At the same time, Mr Justice Fordham in the Administrative Court has taken a number of judicial review cases issued in London and relocated them to Leeds (R ex parte Fajr Ellis; R ex parte Khyam) and Manchester (R ex parte Fortt), often in the face of opposition from London-based lawyers representing one of the parties.

But isn’t London always best?

There is no denying that there has sometimes been a (wholly incorrect) perception that the best and brightest specialist Judges will always be based in London. Whilst that is plainly wrong, a point made by Mr Justice Fordham in Fortt, in any event if the parties wish for a fulltime High Court Judge to hear the trial or any interlocutory application in a regional centre, the Courts will take steps to enable that; in line with that promise, Mrs Justice Cockerill travelled to Birmingham to hear the Kelly trial in person.

As well as the theoretical benefits of obtaining justice locally, there are many practical benefits too: • Waiting times for trials in London are often longer than in the regional BPC centres, so cases will make quicker progress. • If the witnesses and parties live and work near a regional Court centre, it will make it easier for them to participate in the whole of the trial without the disruption and cost of being away from home for long stretches. Lawyers may also find a less-stressed client to be easier to handle! • Greater use of regional BPC centres may also encourage more use of strong firms or Counsel based outside London, thereby inevitably reducing the client’s overall expenditure. • It may also make it easier for those peripheral to the dispute (for example, family members of the litigants) to attend the trial in the public gallery.

This facet of the justice system cannot be understated, particularly in some of the more contentious family-based disputes.

Practical steps to consider What does the future hold?

If the current swell of judicial opinion continues along the same path, parties can expect Judges to take a much more interventionist role when it comes to venue. Issuing in London because that is what the firm has always done, or because that is what the client wants, will simply lead to delay when the Judge at CCMC transfers the case elsewhere, whether you like it or not.

The court staff and judiciary at regional BPC centres are well aware of this turning of the tide, and are keen to make it a success for the parties. Even if you have had imperfect experiences before, you might find that if you try your local Court centre again, you may well be pleasantly surprised.
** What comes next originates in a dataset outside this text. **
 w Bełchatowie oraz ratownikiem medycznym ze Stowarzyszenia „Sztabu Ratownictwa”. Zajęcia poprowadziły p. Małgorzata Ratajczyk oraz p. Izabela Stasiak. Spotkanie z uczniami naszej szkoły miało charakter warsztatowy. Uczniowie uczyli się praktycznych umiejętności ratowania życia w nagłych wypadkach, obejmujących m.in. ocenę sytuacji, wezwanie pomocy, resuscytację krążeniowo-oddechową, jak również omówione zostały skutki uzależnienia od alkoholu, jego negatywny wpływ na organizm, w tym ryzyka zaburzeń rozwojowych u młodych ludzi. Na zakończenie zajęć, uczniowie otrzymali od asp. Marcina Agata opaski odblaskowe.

The recent comments from the judiciary suggest that the question of venue should ideally be raised at the CCMC, but there is nothing to prevent it arising at all times up to and including the Pre-Trial Review.
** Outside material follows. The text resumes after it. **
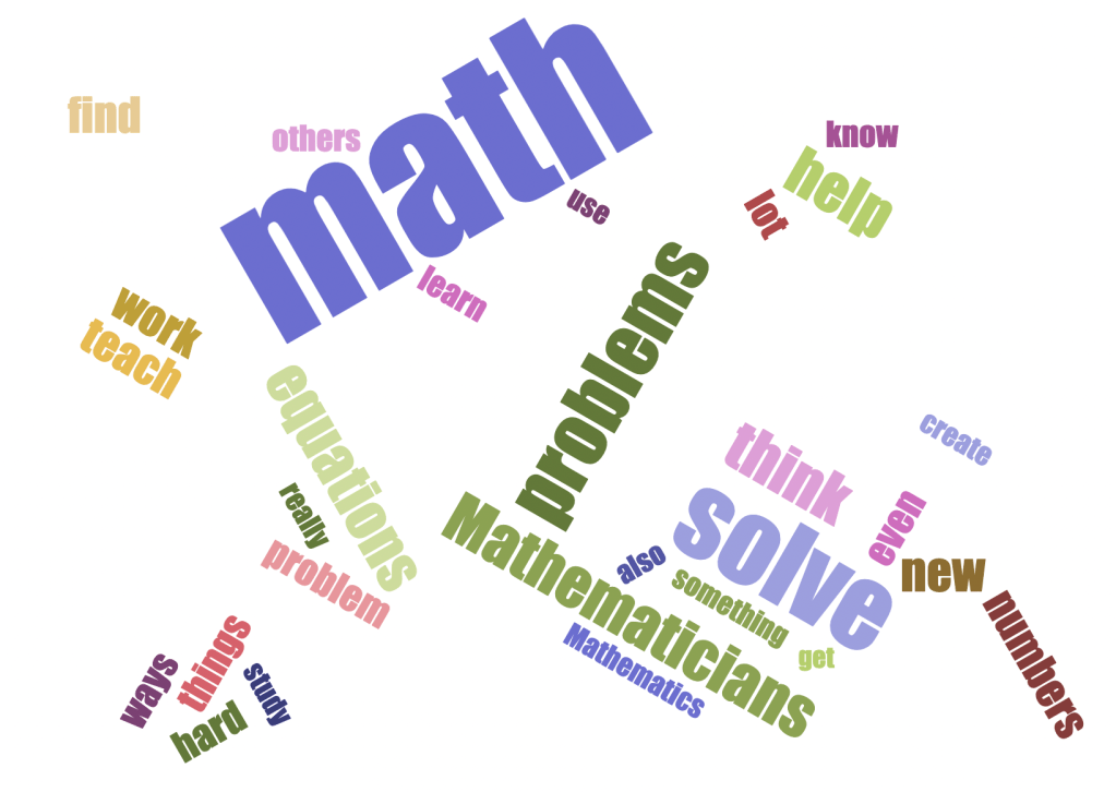 Yes, the most common response to “what do mathematicians do” is far away “math.” Maybe it’s just me, but I’d like to get a few more verbs in there. If I’m envisioning what I’d like the word cloud to say, I’d want to see words like “draw,” “conjecture,” “guess,” “create,” “play,” “build” etc.
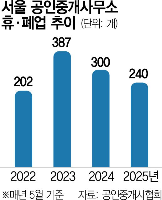 25일 한국공인중개사협회에 따르면 올해 5월 서울 공인중개사무소 중 휴·폐업한 곳은 총 240곳으로 전월(272곳) 대비 약 12% 감소했다. 이는 5월 기준 전국 집값이 상승기였던 2022년(202곳) 이후 3년 만에 가장 적은 규모다.

In order to instigate the discussion, the party suggesting a change of venue will no doubt wish to enquire as to the local court centre’s availability for any existing or proposed trial dates, and may go so far as to assist the opposing party’s legal team with suggestions for office space during the trial (if the opposing firm does not have a local office in that city). Any software or transcription service providers should be asked to confirm that they can set up in the proposed new venue, and the local court to confirm that they can safely host the relevant equipment and technology. Raising a change of venue without having these key matters in mind will be a risky strategy.

Ali Tabari

Ali Tabari is a specialist commercial fraud and insolvency barrister at St Philips Chambers. He was junior Counsel in Kelly v Baker before Cockerill J (judgment awaited).